Linear Algebra: Vectors/Proofs

[trulyfalse]

Hello PF!

Homework Statement

Prove the following: if u and v are two vectors in Rⁿ such that u\cdotw = v\cdotw for all wεRⁿ , then we have u = v

Homework Equations

The Attempt at a Solution

u\cdotw - v\cdotw = 0
w\cdot(u - v) = 0

I'm not sure what to do after applying the distributive property (in reverse). How do I go about proving that the vectors u and v are equal? I considered establishing two cases in which w = 0 and u-v = 0 but that doesn't help me out. Are there any properties that I can use to construct this proof?

 

[Dick]

Hello PF!

Homework Statement

Prove the following: if u and v are two vectors in Rⁿ such that u\cdotw = u\cdotv for all wεRⁿ , then we have u = v

Homework Equations

The Attempt at a Solution

u\cdotw - v\cdotw = 0
w(u\cdotv) = 0

I'm not sure what to do after applying the distributive property (in reverse). How do I go about proving that the vectors u and v are equal? I considered establishing two cases in which w = 0 and u-v = 0 but that doesn't help me out. Are there any properties that I can use to construct this proof?

You've got some typos in there. I'd fix them. But pick w=(u-v). If (u-v).(u-v)=0 then what can you say about (u-v). Look at the properties of the dot product.

 

[brmath]

Another way to think of it is this: w \cdot (u-v) = 0 for every choice of w. What can you say about a vector t whose inner product with any vector whatever is 0? Given a particular vector t with non-zero components, you can always find a vector w such that w \cdot t \ne 0 For example w = t.

So if u-v has any non-zero components, what can you conclude?

That word "every" is very powerful.

 

[trulyfalse]

If the vectors are non-zero, then we can conclude that u-v must be equal to zero, and therefore u=v. We can also conclude that vectors w and (u-v) must be orthogonal because their dot product is equal to zero. However, I am not sure how to prove that the vectors are nonzero. Am I supposed to assume that they are and work from there?

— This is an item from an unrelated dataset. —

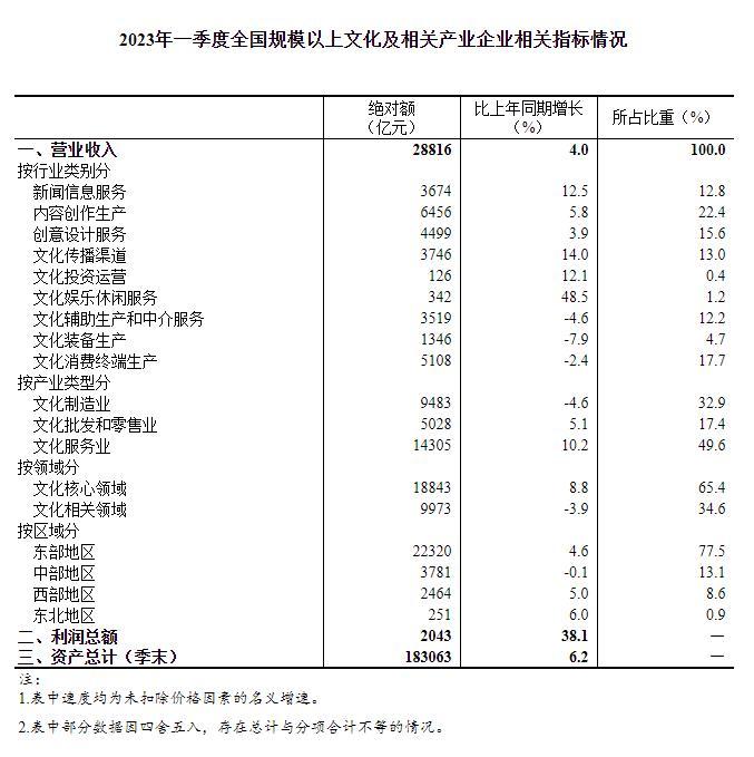央视网消息:据国家统计局,据对全国7.1万家规模以上文化及相关产业企业(以下简称“文化企业”)调查,2023年一季度,文化企业实现营业收入28816亿元,按可比口径计算,比上年同期增长4.0%。其中,文化新业态特征较为明显的16个行业小类实现营业收入10961亿元,比上年同期增长11.1%,快于全部规模以上文化企业7.1个百分点。

EDIT: Never mind, I've just realized (after reading bmath's post more carefully) that this represents EVERY choice of w. So if w does not equal zero, then u-v must be equal to zero to produce a dot product of zero. Therefore, u = v. If there are any gaps in my understanding please let me know. Thanks for your help guys.

 

[Dick]

If the vectors are non-zero, then we can conclude that u-v must be equal to zero, and therefore u=v. We can also conclude that vectors w and (u-v) must be orthogonal because their dot product is equal to zero. However, I am not sure how to prove that the vectors are nonzero. Am I supposed to assume that they are and work from there?

EDIT: Never mind, I've just realized (after reading bmath's post more carefully) that this represents EVERY choice of w. So if w does not equal zero, then u-v must be equal to zero to produce a dot product of zero. Therefore, u = v. If there are any gaps in my understanding please let me know. Thanks for your help guys.

That's a little confused. You've got w.(u-v)=0 for EVERY w. So you can pick w=(u-v). So now you've got (u-v).(u-v)=0. You should have a property that tells you that for a vector V, V.V=0 if and only if V=0. So?

 

[brmath]

see answer below

 

[brmath]

it is perfectly possible for x and y to be non-zero vectors with x \cdot y = 0 Such vectors are called "orthogonal" . You can see this for yourself by looking at (1,0) \cdot (0,1) The important point here is not that there is some vector w such that w \cdot (u-v) = 0 but that you get 0 for every possible w.

There is in fact a property that tells you if v \cdot\ v = 0 then v = 0. The dot product of v with itself is the square of the length of the vector. If it is 0 you have a vector of length 0 -- i.e. the zero vector.